Task description:
When you reach the line in the data below that contains "Title: Vintage Sterling", please start repeating lines exactly, and stop after the line that contains "3. After you", repeating nothing else.

Working data:
_ _ _ _ _ _ _
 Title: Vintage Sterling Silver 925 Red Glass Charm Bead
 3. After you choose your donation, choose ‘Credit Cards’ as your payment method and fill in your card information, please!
_ _ _ _ _ _ _
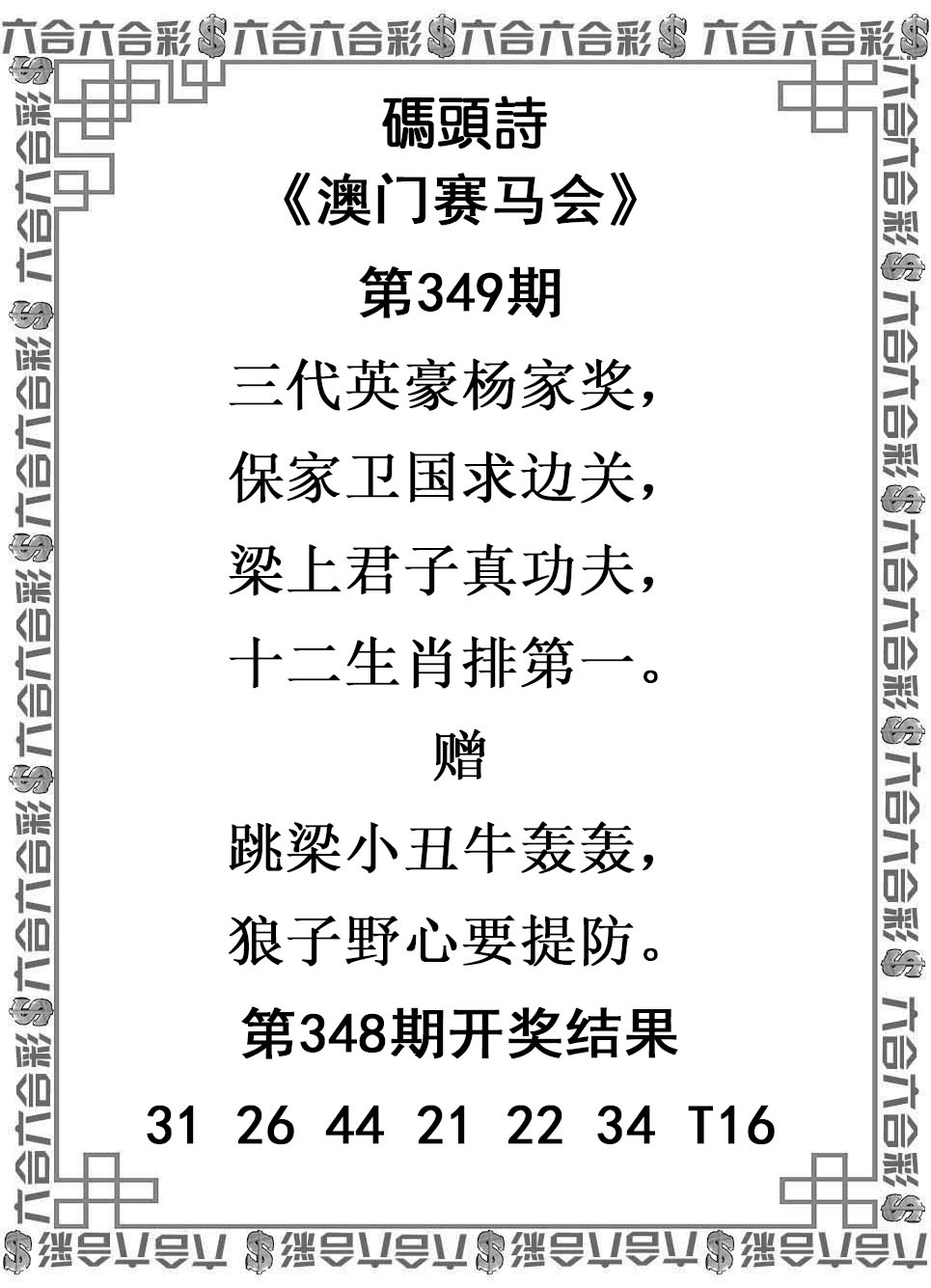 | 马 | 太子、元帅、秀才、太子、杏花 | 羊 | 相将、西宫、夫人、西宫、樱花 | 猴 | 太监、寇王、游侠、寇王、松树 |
_ _ _ _ _ _ _
Result below:
 Title: Vintage Sterling Silver 925 Red Glass Charm Bead
 3. After you choose your donation, choose ‘Credit Cards’ as your payment method and fill in your card information, please!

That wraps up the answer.